Levels of dioxins in fish vary and are highest in herring while low in trout. However, dioxins and polychlorinated biphenyls (PCB), once used in elecrical equipment that was dumped at sea but which have not been manufactured since the 1970s — are environmental pollutants linked to various cancers and can build up in the human body over a long period of time. They can also build up by eating milk, meat and eggs, though dioxins in food generally in Britain have fallen by 70 per cent in the past ten years.
The new advice about eating oily fish was given yesterday by Sir John Krebs, chairman of the FSA, after advice from experts on the Scientific Advisory Committee on Nutrition and the Committee on Toxicity of Chemicals.
Health experts are anxious that most people gain the health benefits of Omega 3 fatty acids that are present in oily fish in particular. These help to ward off heart disease, are essential for the development of the brain in babies and young children, can improve intellect and help to fend off mental illness.
Omega 3 fatty acids are also found in egg yolks, linseed and hempseed.
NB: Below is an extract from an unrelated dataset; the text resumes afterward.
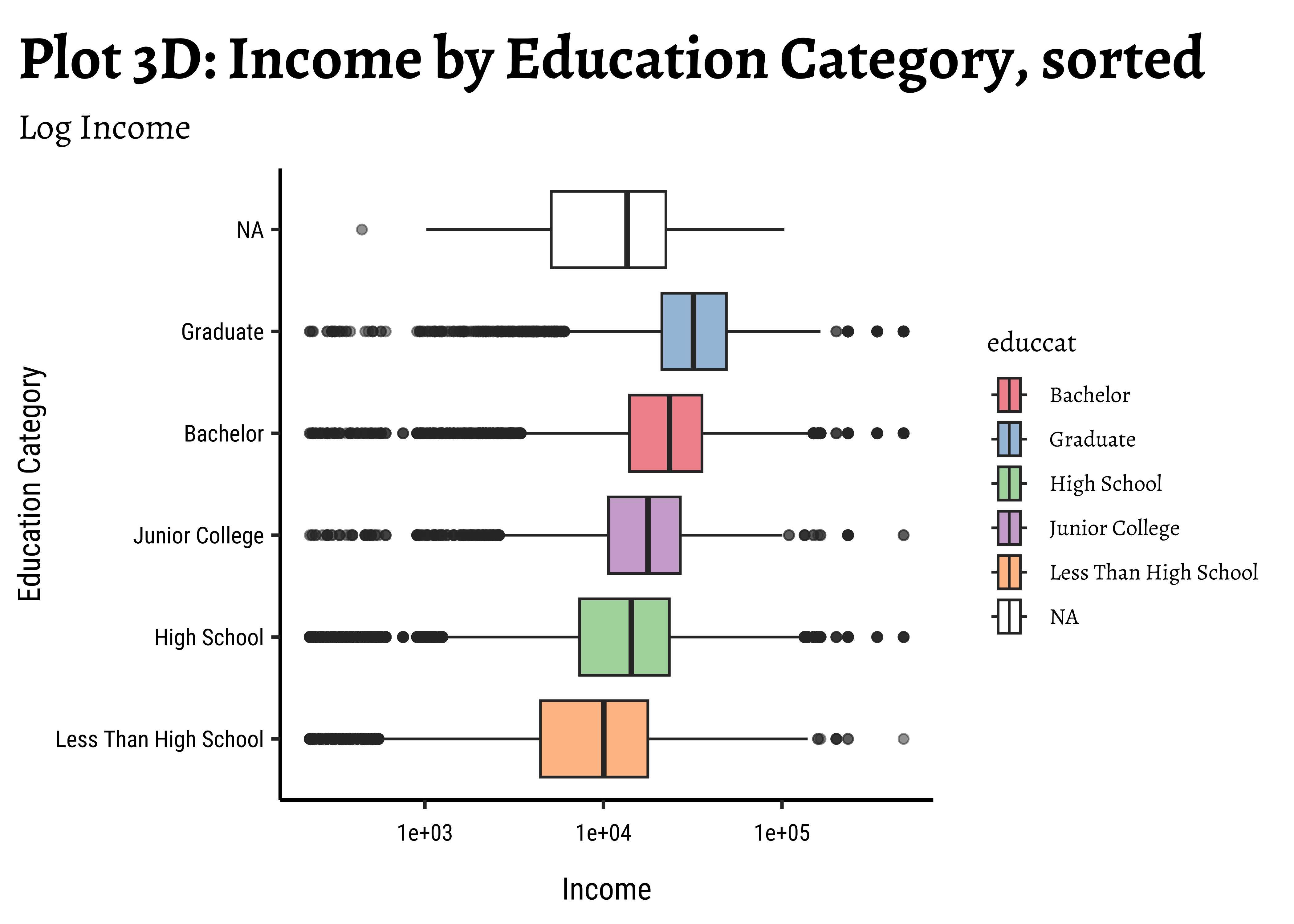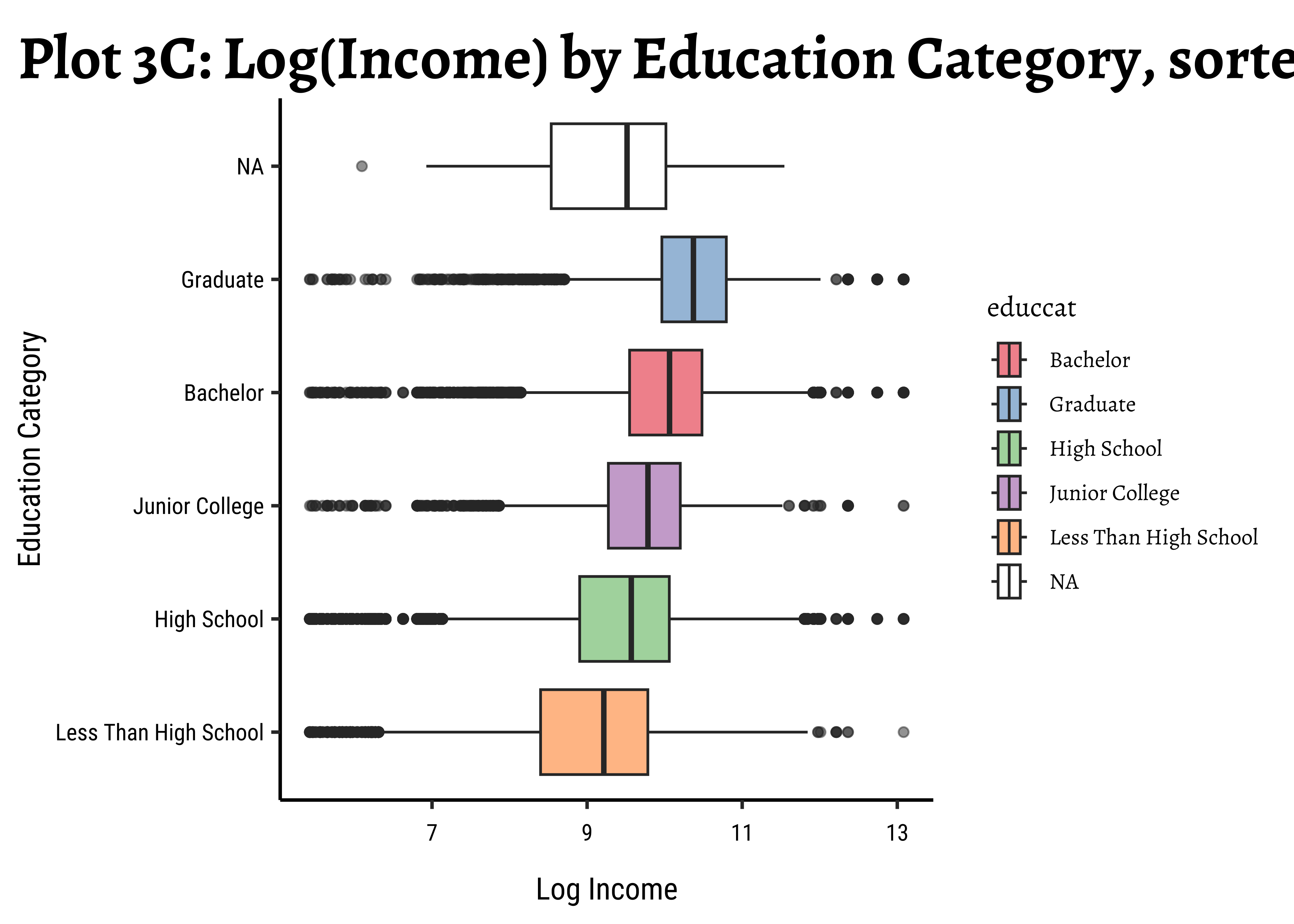 title = "Plot 3C: Log(Income) by Education Category, sorted",

The advice is a fillip to the Scottish salmon industry which experienced a dip in sales in the new year after American scientists said that farmed salmon caused cancer and that Scottish fish were so contaminated with pollutants that it should not be eaten more than three times a year.
The limits on eating oily fish were criticised by Michael Crawford, director of the Institute of Brain Chemistry and Human Nutrition at London Metropolitan University.
“I really don’t believe in these limits, it’s hocus-pocus and suggests that there is a hidden threat. The Japanese and the Icelanders eat more fish and seafood than anyone else and they have the longest life expectancy and the highest birth weights. We should eat as much as we like and it will not do us any harm.
“It will also improve the health of the nation which is suffering chronic heart disease and an epidemic of mental illness and psychiatric disorders.”
A recommended portion is about five ounces (140g) of cooked fish and six ounces (170g) of raw. Canned tuna does not count as an oily fish — other canned species do — but like white fish it also contains Omega 3 fatty acids.
Children aged 15 months were tested for their understanding of words and those with mothers who ate fish more than once a week scored 7 per cent higher than those who ate no fish.
Similar patterns were seen in tests on social activity and language development. Children who ate fish once a week before their first birthday also scored higher.